Mount Parnassus is a mountain of limestone in central Greece that towers above Delphi, north of the Gulf of Corinth, and offers scenic views of the surrounding olive groves and countryside. According to Greek mythology, this mountain was sacred to Dionysus and the Dionysian mysteries; it was also sacred to Apollo and the Corycian nymphs, and it was the home of the Muses. The mountain was also favored by the Dorians. It is suggested that the name derives from parnassas, the possessive adjective of the Luwian word parna meaning house, or specifically temple, so the name effectively means the mountain of the house of the god.
Parnassus is one of the largest mountainous regions of Mainland Greece and one of the highest Greek mountains. It spreads over three municipalities, namely of Boeotia, Phthiotis and Phocis, where its largest part lies.

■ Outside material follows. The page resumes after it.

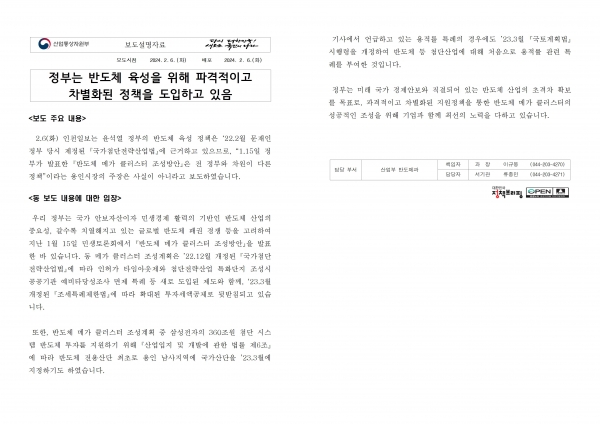 산업통상자원부는 지난 1월 15일 정부가 민생토론회에서 설명한 경기남부 반도체 메가 클러스터 조성과 관련해 인천일보에 언급된 인허가타임아웃제와 첨단전략산업 특화단지 조성 시 공공기관 예비타당성조사 면제특례 등 새로 도입된 제도는 문재인 정부 때가 아닌 현 정부 출범 이후인 2022년 12월에 개정된 국가첨단전략산업법에 따른 것이라는 지적도 했다.

Its altitude is 2,457 meters and its highest peak is Liakouras. To the Northeast it is connected to Giona and to the south with Kirphe. Its name is due to the homonymous hero of the Greek mythology, son of Cleopompus and Cleodora, who had built on the mountain a city which was destroyed in the Deluge of Deukalion. Etymological analysis, however, shows a prehellenic origin of the name, relating it to the Pelasgians, and it appears to be from the Anatolian language Luwian.
The mountain is delimited to the east by the valley of the Boeotian Kephissus and to the West by the valley of Amfissa. The geological particularity of Parnassus is its rich deposits of bauxite, which has led to their systematic mining since the end of the 1930s, resulting in ecological damage to part of the mountain.